Carolyn Ottmers offers the viewer a somewhat threatening, yet engaging, stroll through another kind of garden—a kind of winter garden or icy maze at first glance. Coming from rural Texas to become the head of the sculpture department at The School of the Art Institute in Chicago, Ottmers, a devote environmentalist, initially felt oppressed by the urban landscape that had replaced the lush vegetation that once surrounded her. She began looking for “signs of life”. What she found were weeds, fascinated by their determination to grow up through the concrete and thrive in the big city. Ottmers made these sturdy little sprigs into hybrid forms and cast large aluminum monuments from the studies. Reflections, 2005 is a series taken directly from sketches the artist made at Lincoln Park Conservatory in Chicago. The beautiful, twisting forms hang from the ceiling as to mirror all that has the possibility for growth beneath it.

Through the tangled vines of Ottmer’s installation beckons a major work by Antonia Contro—a giant constructed antique map with fictional navigational points highlighted by the artist. Peering into these peek holes at “The Harbor of Doubt”, “The Impasse of Ego” or “The Void of Ideas”, the viewer will see what awaits them at each location. Rather than a Neverland, the surprise comes when, through these makeshift telescopes, one sees Contro’s ongoing series of formal still life photography. At this point, the map entitled Discoverie, becomes something else entirely. It lets the viewer understand the aesthetic, cerebral, and emotional process of living life as an artist… an explorer. An accomplished and acclaimed draftsman, painter, photographer, and installation artist, Contro invites us along on her journey—the struggle against the elements.

And finally, we find a kind of Neverland in the fantastic landscapes of Jim Sullivan. These paintings are completely invented and have little basis in reality. In many of the long horizontal works, the image seems to act as a timeline—from left to right, a strong shift in season, weather systems, erosion and growth—suggesting an experiential passage of change.

At 3 to 6 inches high and 24 to 96 inches long, this accentuated format (along with the full spectrum of Sullivan’s Oz-like palette) provides the viewer a cinematic experience akin to that of seeing the Grand Canyon for the first time—summoning us to the edge in order to behold in his delight in detail.

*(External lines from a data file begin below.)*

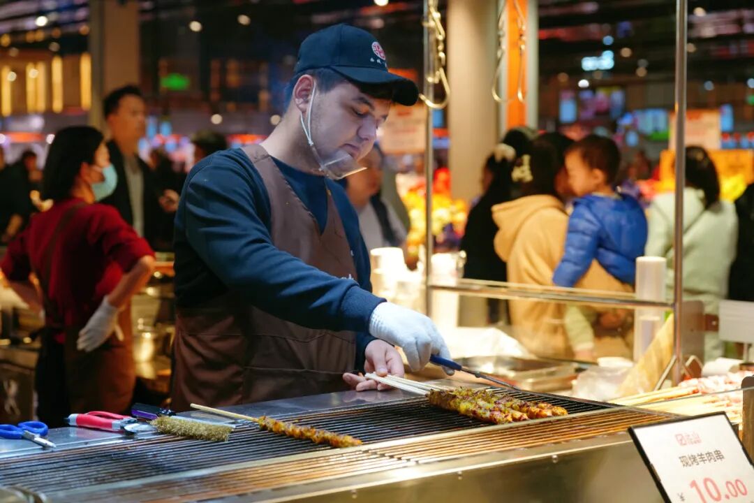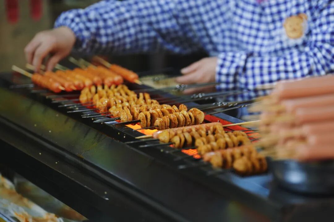 烧烤架上肉串滋滋作响
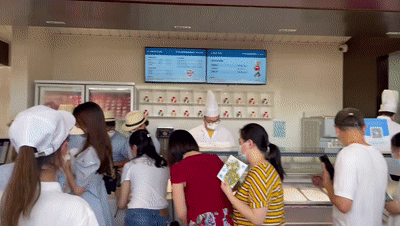 排队的,绝大部分是年轻人。买好一杯冰淇淋,拿在手中,再和门头合个影,发朋友圈,打卡规定动作一气呵成。
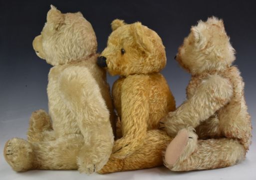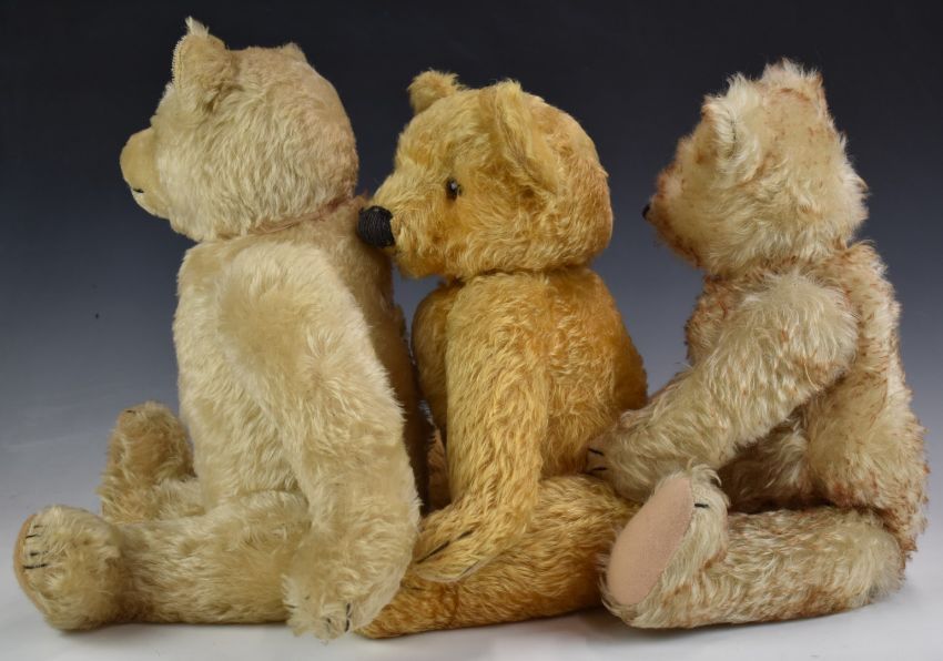 Three Chad Valley, Steiff or similar Teddy bears one with growler, tipped blonde mohair, disc joints, straw or similar filling, felt pads and stitched features, one with growler, blonde mohair, shaved face and snout, disc joints, straw or similar filling, stitched features and felt pads and one with golden mohair disc joints, soft filling, felt pads and stitched features, largest 54cm tall.
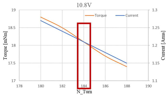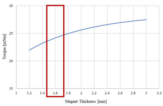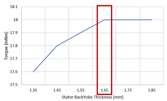 The magnet material was replaced with HMG-4, and based on considerations of the stator core saturation characteristics and torque characteristics, a stator back yoke thickness of 1.65 mm was chosen. Figure 17 represents the torque characteristics with respect to the stator back yoke thickness. To meet the target performance, it was crucial to secure the required number of turns. Therefore, the number of turns that satisfies the target performance was selected, considering the slot fill factor (50%) and current density ( or below). Additionally, the motor outer diameter was determined accordingly.

Paying homage to the Hudson River School and Chinese scroll paintings, these idyllic works unfurl horizontally with an enigmatic storyline.

TINYhuge is a timely exhibition, playfully suggesting both sides of Alice’s mirror into Wonderland—a place where all of our tiny/huge lives seemingly straddle, especially in the current climate. It is meant to allow stepping forward while comprehending “huge” with a squint… and likewise, taking a step backwards when considering “tiny” with an awestruck gasp.